**DATA EXCERPTS:**
* * *
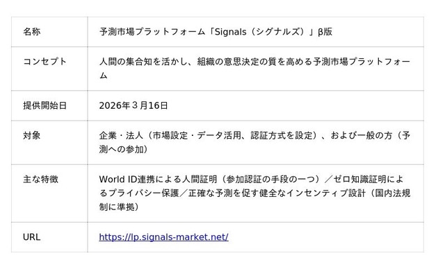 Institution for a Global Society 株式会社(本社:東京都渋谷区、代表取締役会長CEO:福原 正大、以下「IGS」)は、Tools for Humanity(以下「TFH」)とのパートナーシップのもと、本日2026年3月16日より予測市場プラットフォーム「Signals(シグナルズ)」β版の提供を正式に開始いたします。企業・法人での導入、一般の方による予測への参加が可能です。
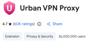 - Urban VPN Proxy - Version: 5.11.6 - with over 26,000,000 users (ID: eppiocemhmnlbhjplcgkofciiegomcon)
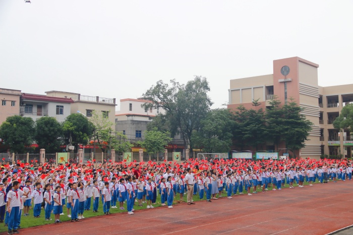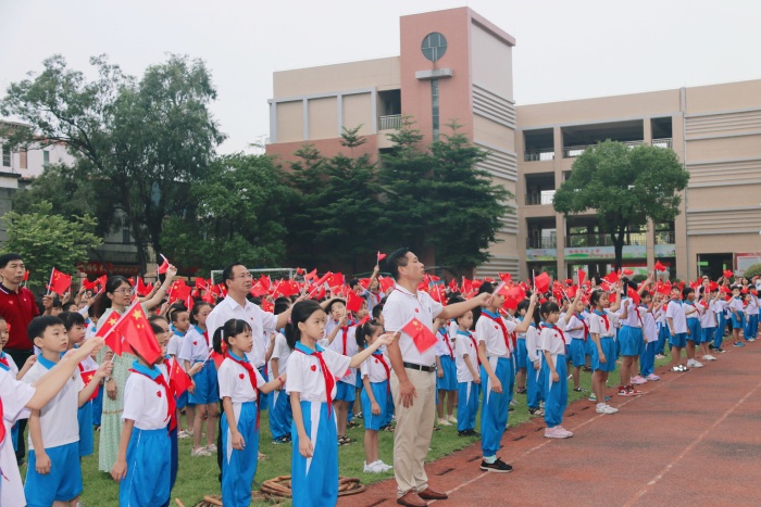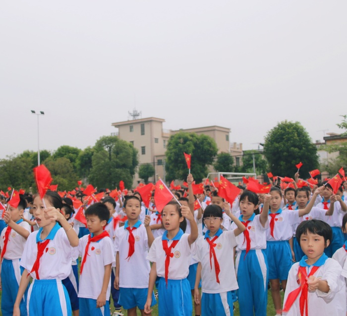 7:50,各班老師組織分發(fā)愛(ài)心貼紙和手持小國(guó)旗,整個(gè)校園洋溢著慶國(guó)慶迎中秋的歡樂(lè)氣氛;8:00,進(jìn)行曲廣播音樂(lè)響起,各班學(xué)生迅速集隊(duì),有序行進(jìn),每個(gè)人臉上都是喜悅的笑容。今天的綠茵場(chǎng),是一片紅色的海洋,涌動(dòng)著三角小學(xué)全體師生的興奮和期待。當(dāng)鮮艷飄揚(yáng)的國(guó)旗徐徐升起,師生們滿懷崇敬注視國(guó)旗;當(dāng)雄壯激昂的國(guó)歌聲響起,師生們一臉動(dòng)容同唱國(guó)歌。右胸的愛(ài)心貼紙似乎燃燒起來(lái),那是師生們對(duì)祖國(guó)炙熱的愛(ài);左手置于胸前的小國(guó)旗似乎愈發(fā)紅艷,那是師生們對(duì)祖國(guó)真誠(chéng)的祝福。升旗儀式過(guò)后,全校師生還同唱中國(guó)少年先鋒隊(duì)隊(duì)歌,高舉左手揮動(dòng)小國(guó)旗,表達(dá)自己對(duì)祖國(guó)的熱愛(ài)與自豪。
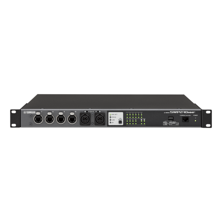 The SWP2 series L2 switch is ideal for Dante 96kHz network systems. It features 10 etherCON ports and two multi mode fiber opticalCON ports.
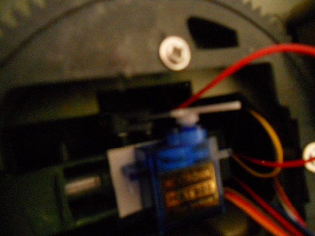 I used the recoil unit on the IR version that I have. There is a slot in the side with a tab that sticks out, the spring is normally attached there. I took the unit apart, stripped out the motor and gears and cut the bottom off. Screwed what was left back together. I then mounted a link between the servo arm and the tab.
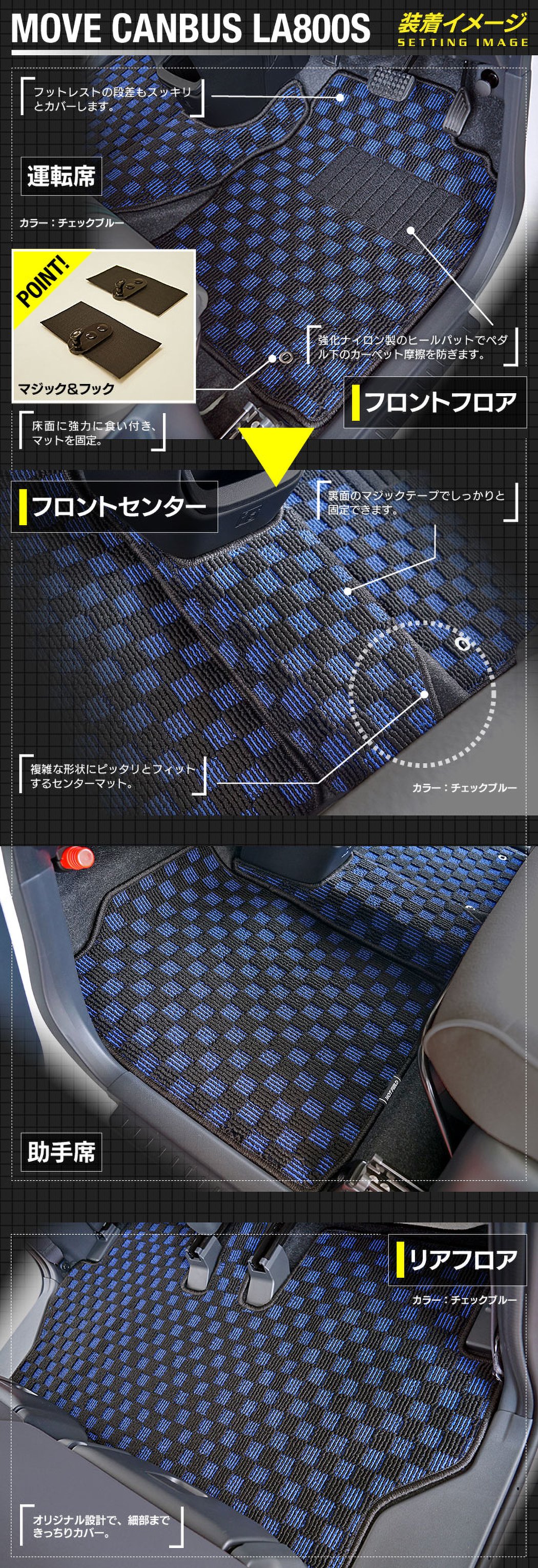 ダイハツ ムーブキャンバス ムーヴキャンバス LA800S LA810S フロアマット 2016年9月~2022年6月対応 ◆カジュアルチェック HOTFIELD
* * *
**WHAT YOU SHOULD DO:** Please transcribe the lines from the one containing "I used the recoil" to the last line of the listing, both included, exactly and with nothing added, leaving every picture out.

**ANSWER:**
 I used the recoil unit on the IR version that I have. There is a slot in the side with a tab that sticks out, the spring is normally attached there. I took the unit apart, stripped out the motor and gears and cut the bottom off. Screwed what was left back together. I then mounted a link between the servo arm and the tab.
 ダイハツ ムーブキャンバス ムーヴキャンバス LA800S LA810S フロアマット 2016年9月~2022年6月対応 ◆カジュアルチェック HOTFIELD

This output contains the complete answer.